ABOUT THIS EXERCISE:
Below are records; the lines starting at the one with "RYB 252,129,185 Color" and ending at the one with "The core of" must be reproduced exactly, both included. Pictures must not appear.
+++ DATASET EXTRACT +++
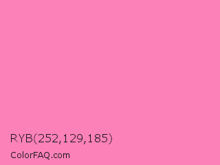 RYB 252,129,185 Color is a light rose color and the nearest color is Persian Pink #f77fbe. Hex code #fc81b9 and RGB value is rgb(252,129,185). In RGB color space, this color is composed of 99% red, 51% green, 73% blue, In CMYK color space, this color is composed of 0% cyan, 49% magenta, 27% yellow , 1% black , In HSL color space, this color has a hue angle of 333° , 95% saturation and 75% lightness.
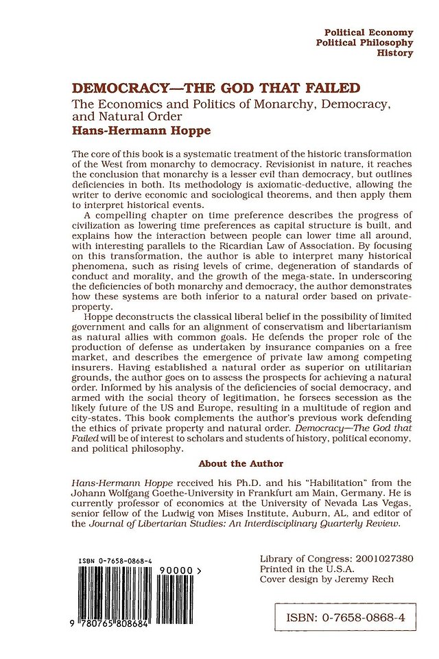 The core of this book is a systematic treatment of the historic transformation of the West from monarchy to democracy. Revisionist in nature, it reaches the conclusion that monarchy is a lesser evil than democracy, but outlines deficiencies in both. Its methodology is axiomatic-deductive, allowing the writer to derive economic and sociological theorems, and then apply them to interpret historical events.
+++
+++ DATASET EXTRACT +++
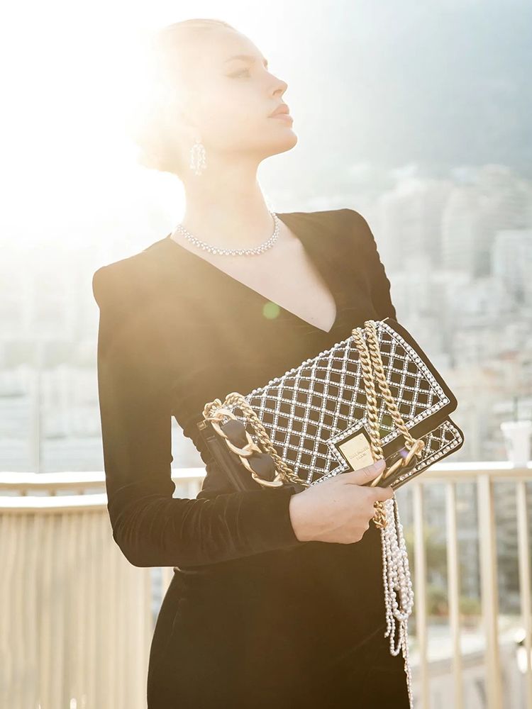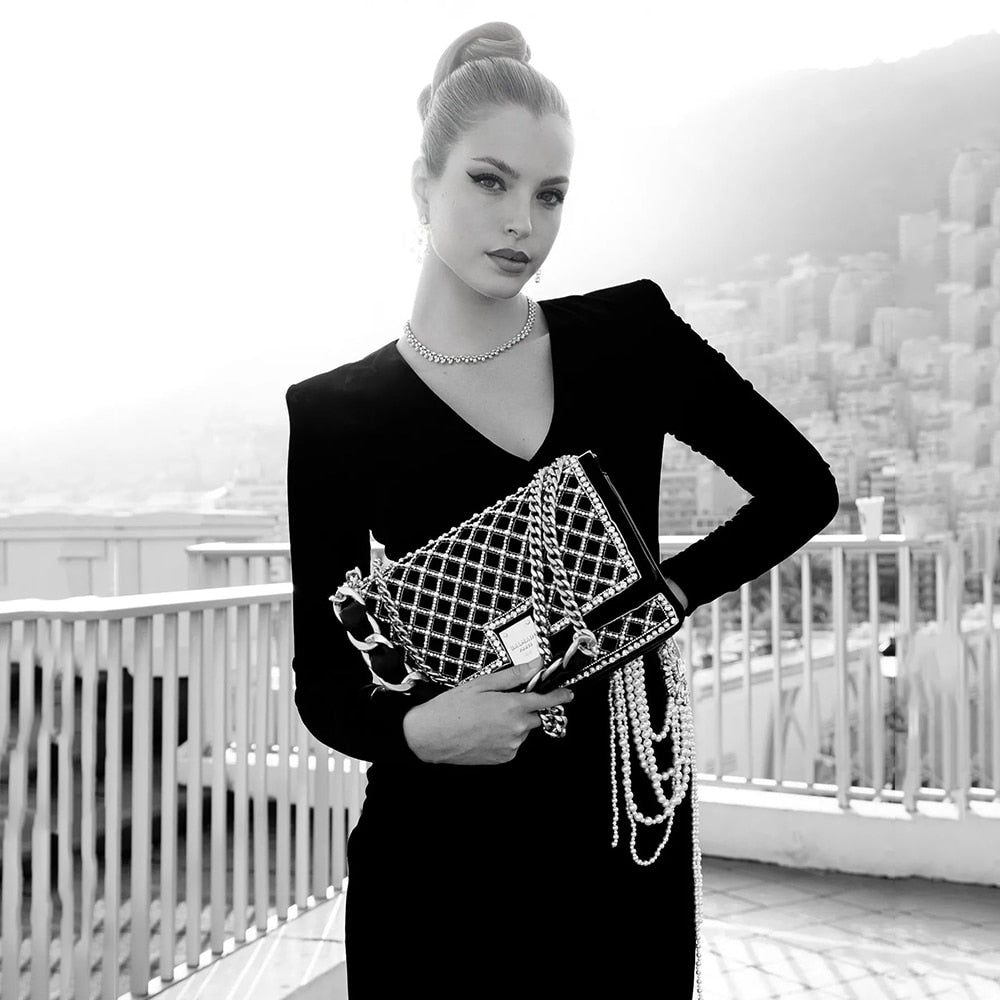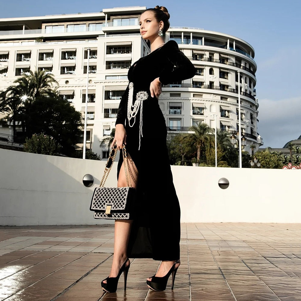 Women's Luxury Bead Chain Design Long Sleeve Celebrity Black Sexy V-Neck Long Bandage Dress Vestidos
+++
RESULT:
 RYB 252,129,185 Color is a light rose color and the nearest color is Persian Pink #f77fbe. Hex code #fc81b9 and RGB value is rgb(252,129,185). In RGB color space, this color is composed of 99% red, 51% green, 73% blue, In CMYK color space, this color is composed of 0% cyan, 49% magenta, 27% yellow , 1% black , In HSL color space, this color has a hue angle of 333° , 95% saturation and 75% lightness.
 The core of this book is a systematic treatment of the historic transformation of the West from monarchy to democracy. Revisionist in nature, it reaches the conclusion that monarchy is a lesser evil than democracy, but outlines deficiencies in both. Its methodology is axiomatic-deductive, allowing the writer to derive economic and sociological theorems, and then apply them to interpret historical events.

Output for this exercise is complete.